We just launched UltraSPARC T1 based systems today. There are a lot of debates on whether it is a good fit for running SAP. Is response time an issue due to CMT architecture?

I have spent a lot of time working on SAP Sales and Distribution performance on Sun Fire T2000 system and it runs very well with very good response time.

Unlike any other cpu architecture, on UltraSPARC T1, each core has 4 hardware threads sharing one pipeline. There are a number of ways for a hardware thread to be scheduled or unscheduled on the single pipeline. Every clock tick a different thread is scheduled to run in round robin order. If the hardware thread is stalled because of the cache misses, the hardware will skip this thread and schedule next thread to run. If the hardware thread doesn't have any work to do, it also will be skipped and next thread is scheduled on the pipeline. This will make more efficient use of execution unit and avoid waste of cpu cycles.

CPU speed is only a small factor on how well an application can run on a system. More often, the cpu is stalled due to memory access. This simply means even when you get a system clocked at 3.0Ghz, the amount of useful cpu cycles you could get out of it is much less than that. How much less, it is depending on the cpu architecture and the application itself. But on Sun Fire T2000 system, the useful cpu cycles that is doing the real work is close to cpu speed.

The Solaris CMT scheduler is very smart. If you only have a few processes, the os scheduler will try to schedule them across cores evenly, so you don't run into a situation where all 4 threads on one core is 100% busy while the other cores are idle. Running a single threaded batch job can be an issue on UltraSPARC T1 based systems. But if the application has small working set, it should perform close to other cpu clocked at 1.2Ghz.

Let's look at some of the scaling data we collected. The experiment was done without much tunning. We incrementally enabled more hardware threads for each core. This is running SAP SD ECC 5.0 on Sun Fire T2000 box with 8 cores and 32GBytes memory.

    # of threads on each core		Performance/baseline
1 1x
2 1.7x
3 2.2x
4 2.5x
With two threads, the performance is improved by 70% than just using one hardware thread. Adding the third thread, it improves another 30%. Adding the fourth thread, it improves 14% more. More hardware threads are making execution units less idle.
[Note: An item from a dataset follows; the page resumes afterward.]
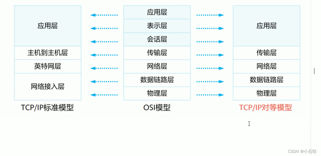 TCP/IP标注模型和TCP/IP对等模型的区别:只是由于角度不同因此分发也发生了变化
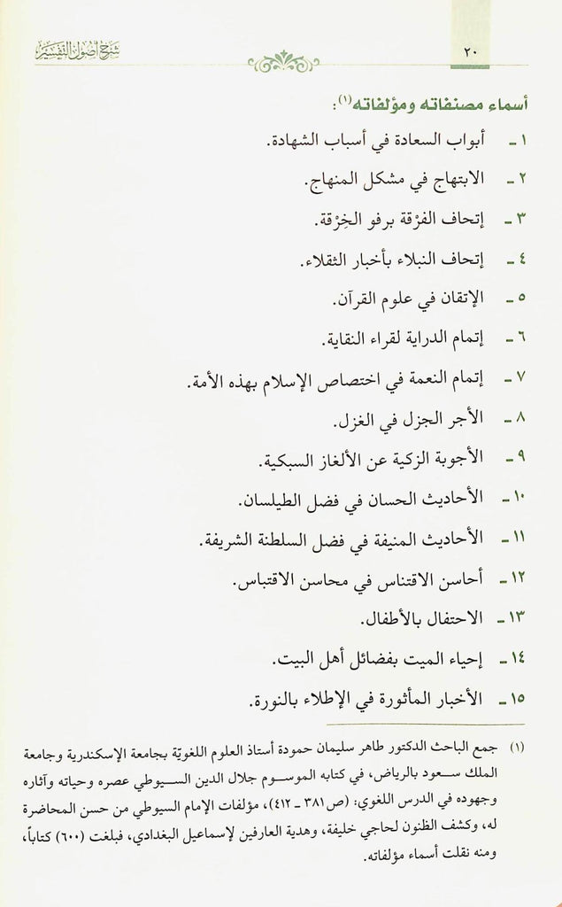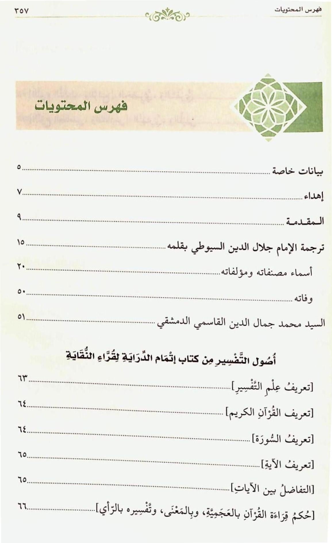 فهذه رسالة نفيسة في اصول التفسير للامام السيوطي المتوفى سنة 911 هـ وعليه شرح نفيس . والرسالة منتزعة من كتاب للمصنف اسمه النقاية وشرحه المرسوم بـ اتمام الدراية لقراء النقاية. والنقاية متن مختصر جمع فيه السيوطي خلاصة 14 عاما مع زبدة مسائلها، صنفه وهو 22 من عمره سنة 871 هـ. ثم شرحه وسماه اتمام الدراية لقراء النقاية . وكتابنا اليوم مجموع نفيس يحتوي على علم اصول التفسير متنا وشرحا للامام السيوطي مع تعليقات علامة الشام الشيخ جمال الدين القاسمي على متنه ويتخلله شرحه

Here are a few tips tunning SAP on UltraSPARC T1 based system. Remember, TLB is a precious resource, getting less tlb misses is one of the keys to high performance. Solaris integrated several changes to get executable's text, heap and anon on large page by default. Here is a few parameter you should use in SAP profile for all SAP instances.

es/use_shared_memory = true

These parameters will get extended memory and all other buffers to use shared memory segment. If "es/use_shared_memory" is not set, the extended memory will be on allocated on anon page. "

Also set this parameter

ipc/sem_fast_watchdog = 0

This will disable a watchdog process that is constantly checking if the shared memory segment is healthy, this process consumes a lot of cpu.

We are also using pool to reduce the number of shared memory segments it tries to allocate.

For example,

ipc/shm_psize_10 = 1290000000
ipc/shm_psize_01 = -10
ipc/shm_psize_02 = -10
ipc/shm_psize_03 = -10
ipc/shm_psize_04 = -10
................

This will tell operating system that SAP wants to allocated one 1.29GBytes shared memory segment, The first buffer with key 01 will be allocated from this big segment etc.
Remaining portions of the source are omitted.